Re: Two results of set geometry

In article <1188660241.121693.309500@xxxxxxxxxxxxxxxxxxxxxxxxxxx> WM <mueckenh@xxxxxxxxxxxxxxxxx> writes:
On 31 Aug., 04:07, "*** T. Winter" <***.Win...@xxxxxx> wrote:
> Only the fact that the first column has a lot of finite initial
> segments and an infinite initial segment while the rows are all finite
> may be raising some suspicion.

What this is stating, precisely is:
That the ordered set of natural numbers has a lot of finite initial
segments and one infinite initial segment, while the set of natural
numbers is infinite may be raising some suspicion.
Yes, I knew all along that you distrust the axiom of infinity. Well,
reject it, and go on.

I do not reject the axiom of infinity. I assume that every initial
segment of the first column (including the complete first column)
corresponds to (is in bijection with) a natural number.

Now you are using (again) your very own terminology. There is a bijection
between the initial segments (including the complete first column) with the
natural numbers. There are lots of them. But you are not talking about
bijections, but about oder-preserving bijections between ordered sets. And,
no, there is no order-preserving bijection between the ordered set of initial
segments and the ordered set of natural numbers.

> That is incorrect. Each partner on the one side is a number of natural
> numbers and on the other side each partner is a natural number. I
> tried to express that by the variables {1,2,3,...,n} <--> n.

Again, you lost me here. The partners where both the set of natural
numbers.

The partners include {1,2,3,...}. That is not a natural number.

I disrember the start. As far as I remember the partners where the set of
natural numbers. {1, 2, 3, ...} is not in the set of {1, 2, 3, ..., n}.

> In fact I do not add something to the set the column is bijected witd,
> but I do neither add something to the column. The initial segments on
> the "left hand side" change from
> 1, 11, 111, ..., 111... to
> 11, 111, ..., 111..., 111...1.

There is no last row, so where does the 111...1 come from?
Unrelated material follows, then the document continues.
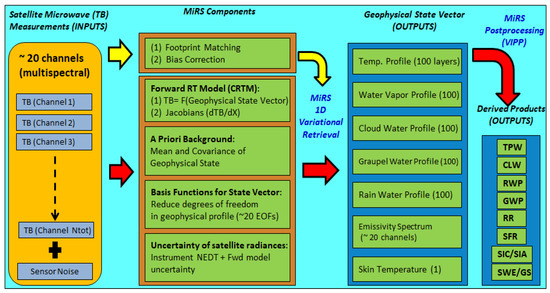 The Microwave Integrated Retrieval System (MiRS, https://www.star.nesdis.noaa.gov/mirs) has been the official operational microwave retrieval algorithm of the National Oceanic and Atmospheric Administration (NOAA) since 2007. Compared to visible and infrared radiation, microwaves have a longer wavelength, and thus can penetrate through the atmosphere more effectively. This feature allows microwave observations under almost all weather conditions, including in cloudy and rainy atmospheres. MiRS follows a one-dimensional variational (1DVAR) methodology [1,2]. The inversion is an iterative physical algorithm in which the fundamental physical attributes affecting the microwave observations are retrieved physically, including the profiles of atmospheric temperature, water vapor, non-precipitating cloud, hydrometeors, as well as surface emissivity and skin temperature [3]. The Joint Center for Satellite Data Assimilation (JCSDA) Community Radiative Transfer Model (CRTM) [4,5] is used as the forward and Jacobian operator to simulate the radiances at each iteration prior to fitting the measurements to within the combined instrument and forward model noise level. After the core parameters of the state vector are retrieved in the 1DVAR step, an additional post-processing is performed to retrieve derived parameters based on inputs from the core 1DVAR retrieval. The post processing products include total precipitable water (TPW), snow water equivalent (SWE), snowfall rate (SFR), surface precipitation rate, etc. [6]
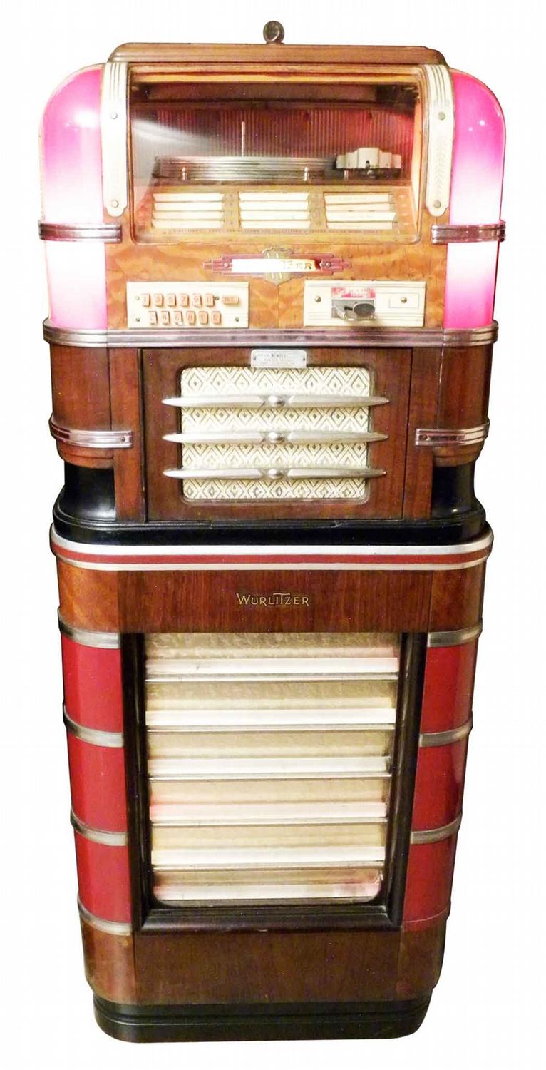 Wurlitzer Model 61 Juke Box, 1939. Counter top model. 12 selection, 5 cent play. Quilted maple and California walnut cabinet with ebony base. Illuminated plastic corners. Comes with reproduction lighted stand. Excellent working condition with older restoration. Comes with key. 21 1/2 X 22 X 18 inches. (21 1/2 X 56 X 18)

There are omega initial segments of the first *column*. Adding one 1
to every initial segment supplies 11, 111, ..., 111..., 111...1, the
last one having ordinal omega + 1.

Again, adding again a one to the initial segment that is the first column.
Which row has that complete initial segment?

> If they rermain in bijection with the sequences in the rows, then the
> set {2, 3, 4, ...} has ordinal omega + 1.
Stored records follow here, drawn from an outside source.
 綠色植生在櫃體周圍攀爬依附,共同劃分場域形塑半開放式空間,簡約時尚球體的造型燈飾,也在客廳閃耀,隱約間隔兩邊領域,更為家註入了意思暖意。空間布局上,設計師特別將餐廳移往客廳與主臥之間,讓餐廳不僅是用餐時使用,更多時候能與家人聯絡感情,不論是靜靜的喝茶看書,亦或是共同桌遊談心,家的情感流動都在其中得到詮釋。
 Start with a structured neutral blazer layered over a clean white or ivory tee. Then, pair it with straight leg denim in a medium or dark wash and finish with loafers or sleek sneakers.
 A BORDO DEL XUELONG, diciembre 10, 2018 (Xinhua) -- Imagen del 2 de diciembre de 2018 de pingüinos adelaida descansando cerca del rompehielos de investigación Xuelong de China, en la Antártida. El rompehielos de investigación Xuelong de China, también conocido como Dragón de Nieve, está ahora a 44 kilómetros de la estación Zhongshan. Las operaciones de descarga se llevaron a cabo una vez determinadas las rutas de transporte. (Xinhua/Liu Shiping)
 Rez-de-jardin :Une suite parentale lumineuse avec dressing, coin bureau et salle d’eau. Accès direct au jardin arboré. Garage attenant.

It is based on your assumption that there is a last row. There is none,
so now what?

No. There is no last row. But every initial segment of the first
column is said to have a partner in the set of sequences in the rows.
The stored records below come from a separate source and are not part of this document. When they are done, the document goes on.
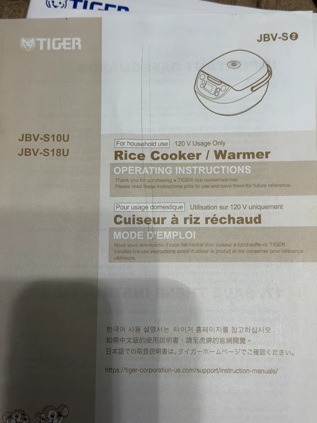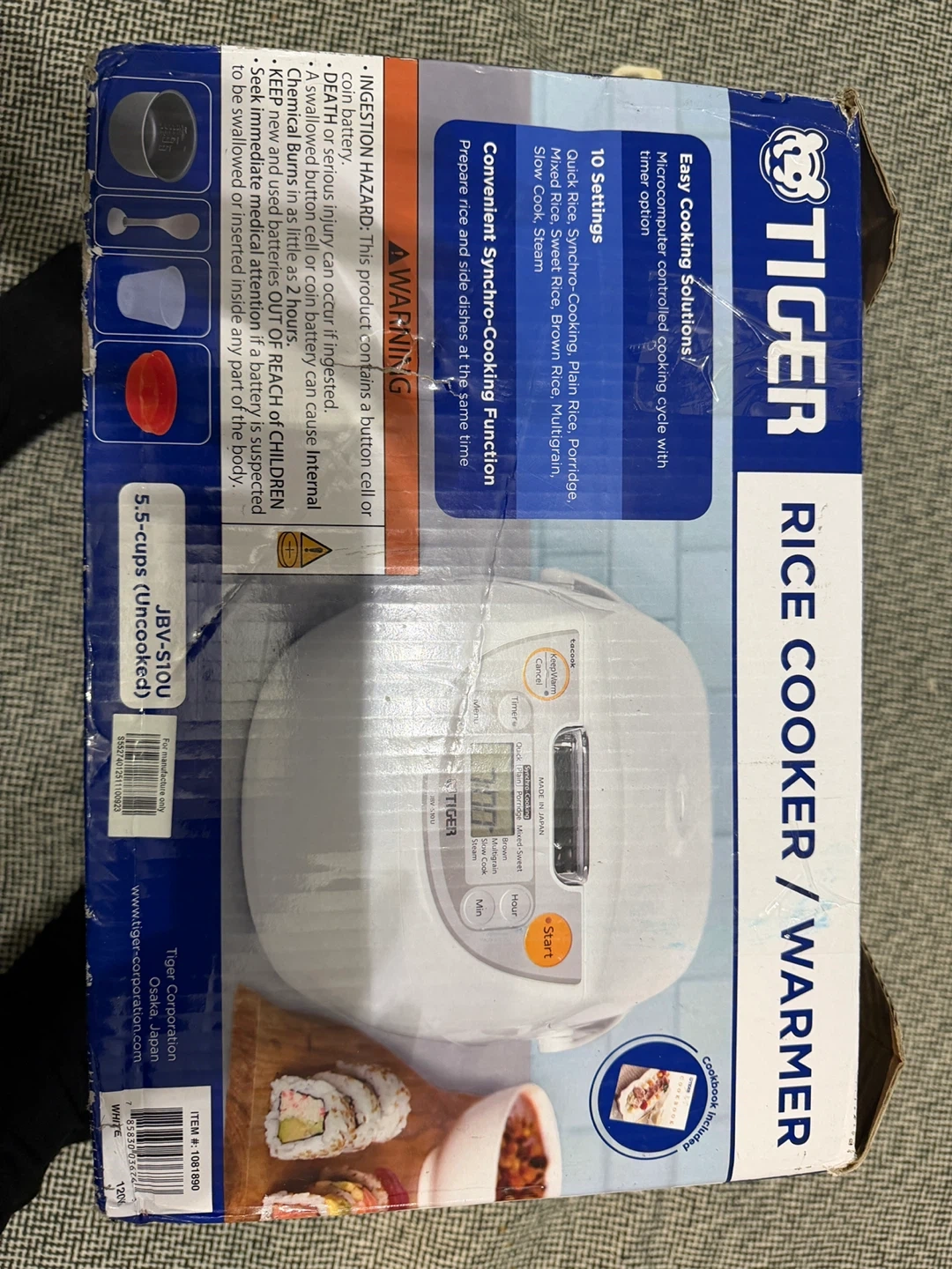 This is a Tiger rice cooker and warmer, model JBV-S10U. It features microcomputer controlled cooking with 10 settings, including Synchro-Cooking and quick cook options. Made in Japan.
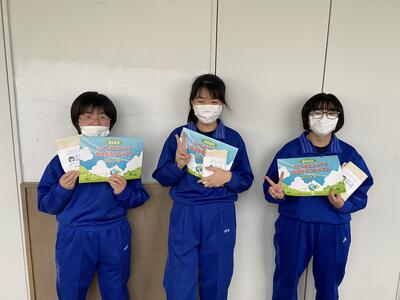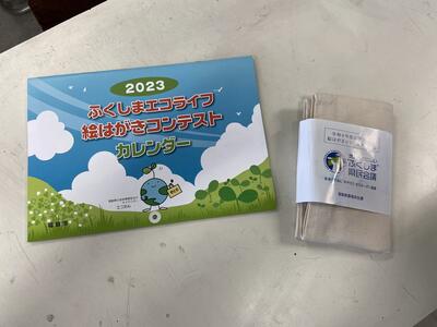 2022年11月29日 16時48分文化部が福島エコハガキコンテストに出品し、参加賞をいただきました。お弁当を入れれそうなエコバッグ、とても素敵です。文化部顧問の須田先生が丁寧に書き方の支援をしていました。ありがとうございます。
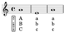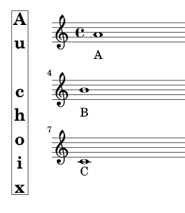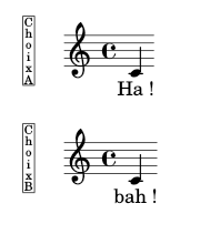 _\markup\CaseChoix e' a' \break } \addlyrics { A a a } \addlyrics { B
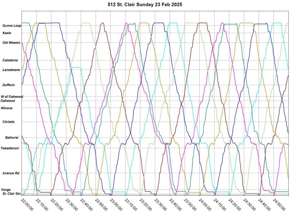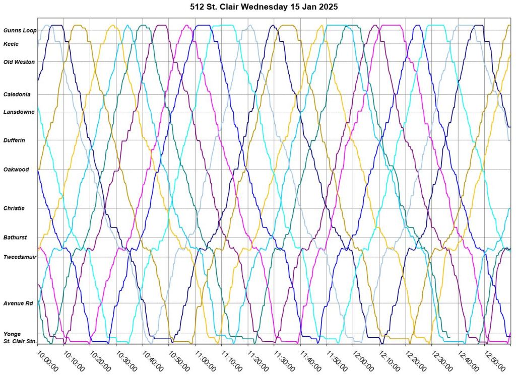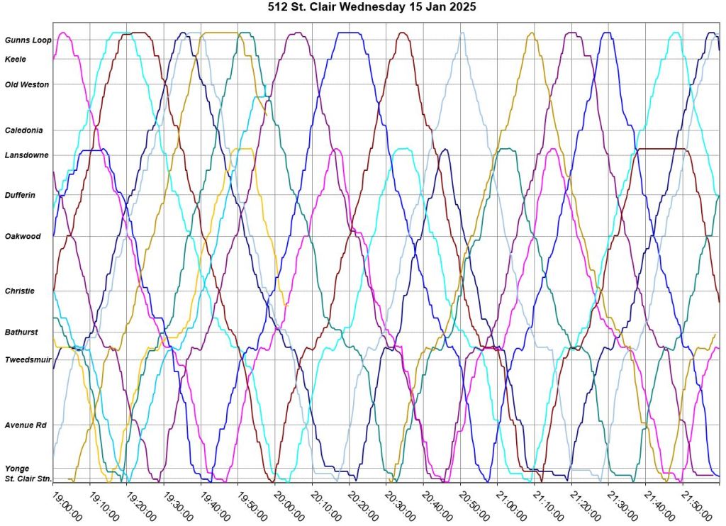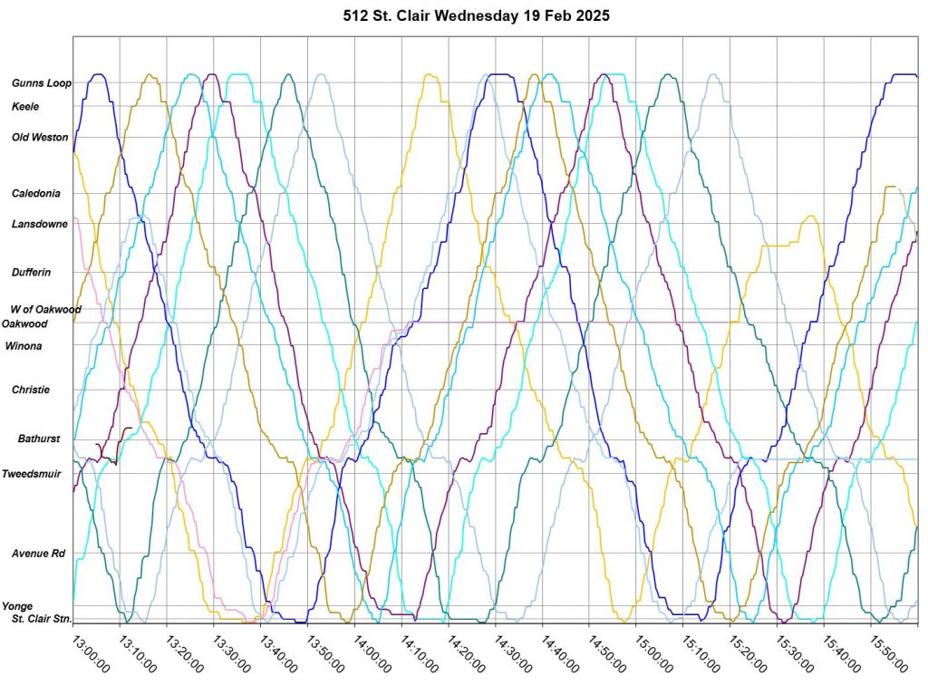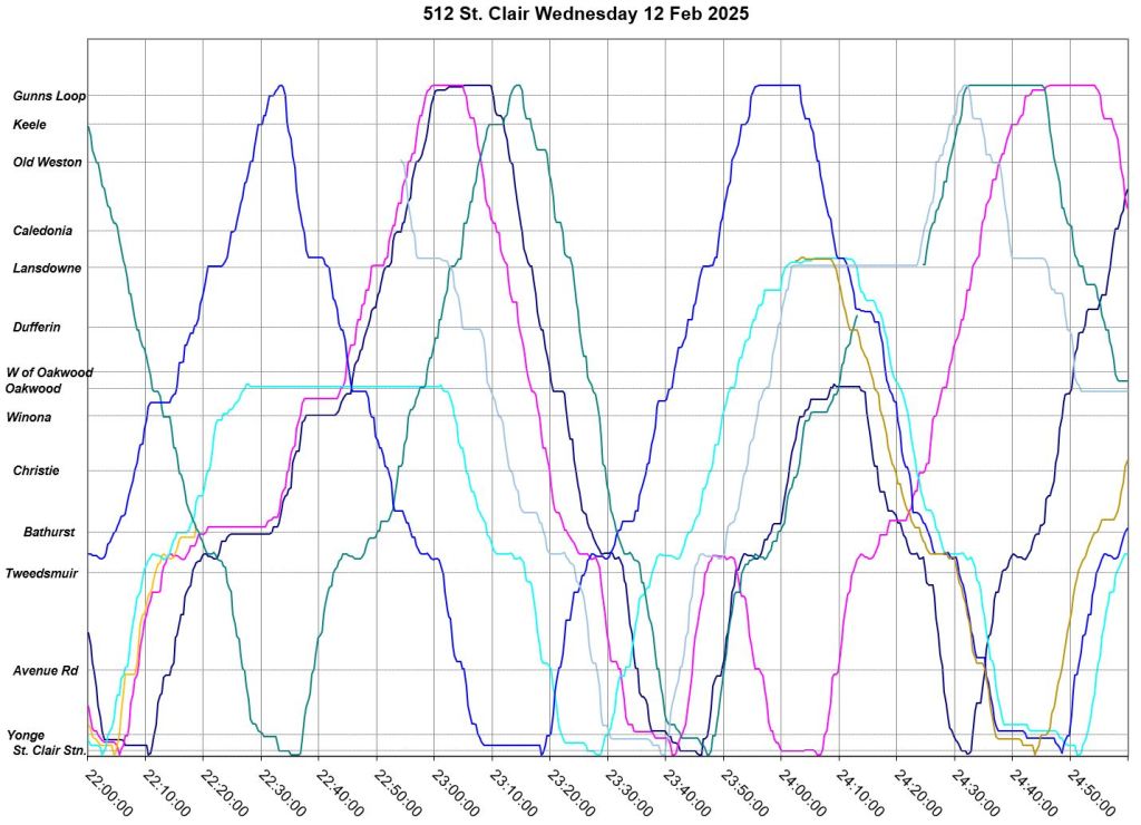- There are “wiggles” in the chart where cars pass through St. Clair West Station. This is due both to the time spent at platforms, and for westbound cars, the fact that they travel back east a short distance while looping.

Who said that? There is not such partner for the *complete* first column.
That could only be true it there *was* a last row.

> We have a bijection between natural numbers and ordinal numbers of
> sets of natural numbers.

Oh. I did not know that. As far as I know, in this part we were talking
about matrices and of bijections between lines and columns. You switch
point of view from one to another without consistency.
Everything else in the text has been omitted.